Source data:
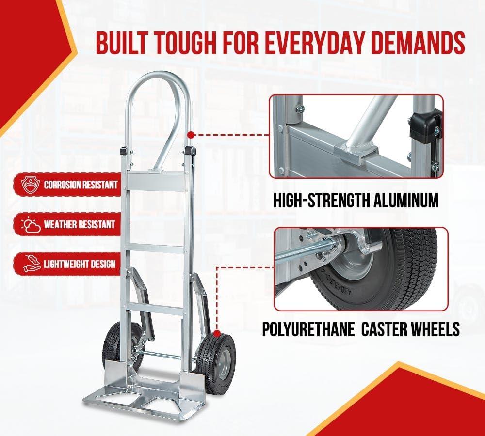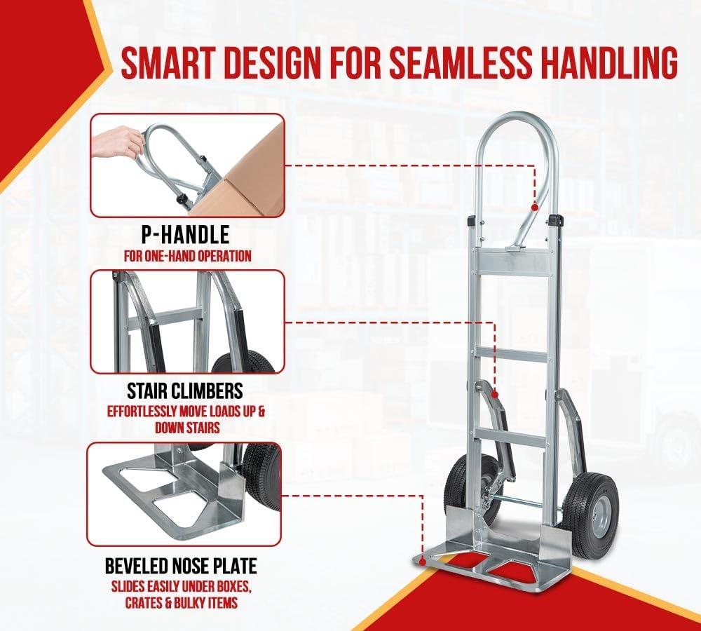 • One-Hand Operation: Our hand truck includes a P-handle for one-hand operation, keeping your other hand free. It will help you open the door, stabilize the loads, or perform different tasks. Additionally, the P-handle will provide a comfortable and ergonomic grip, allowing you better control and reduced strain on your hands and wrists.
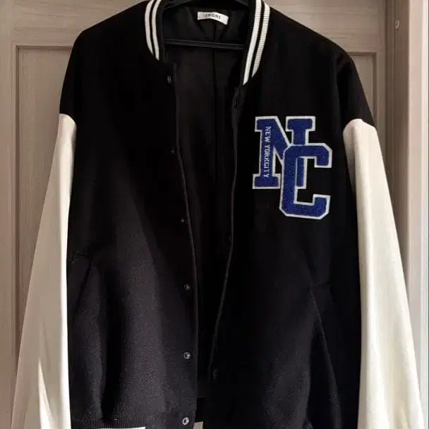 NC 로고 자수 바시티 자켓 프리 사이즈 블랙/화이트
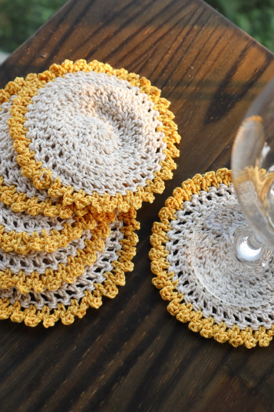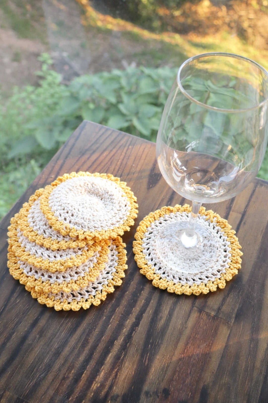 Kit 6 Porta Copos / Descanso Para Copos Crochê Cru com Beirada Amarela
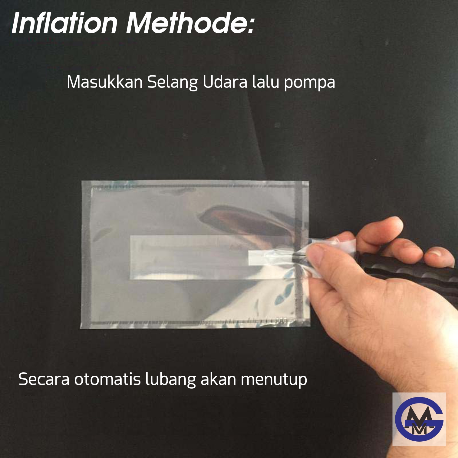 3. Inflator Manual: Penggunaan inflator manual memudahkan Anda untuk mengisi udara ke dalam tas bantal tiup kapan pun di perlukan, tanpa perlu bergantung pada sumber daya listrik.
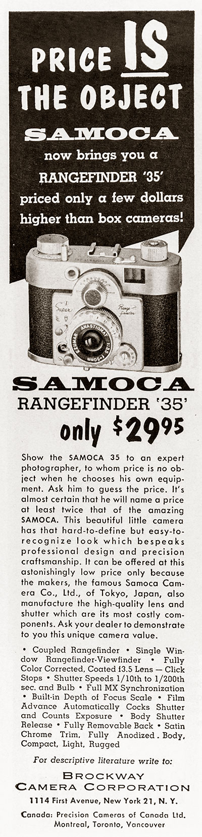 Vintage Photo Ads: Samoca Ads are arranged chronologically in descending order. Click on each ad for a high-resolution version. 1957 Share this:Tweet Click to email a link to a friend (Opens in new window) Email Like Loading...

WHAT YOU WILL DO: Beginning with the first entry above, reproduce every line verbatim until the line with "NC 로고 자수 바시티 자켓 프리 사이즈 블랙/화이트", which is included too; omit pictures.

RESULT FOR THIS TASK:
 • One-Hand Operation: Our hand truck includes a P-handle for one-hand operation, keeping your other hand free. It will help you open the door, stabilize the loads, or perform different tasks. Additionally, the P-handle will provide a comfortable and ergonomic grip, allowing you better control and reduced strain on your hands and wrists.
 NC 로고 자수 바시티 자켓 프리 사이즈 블랙/화이트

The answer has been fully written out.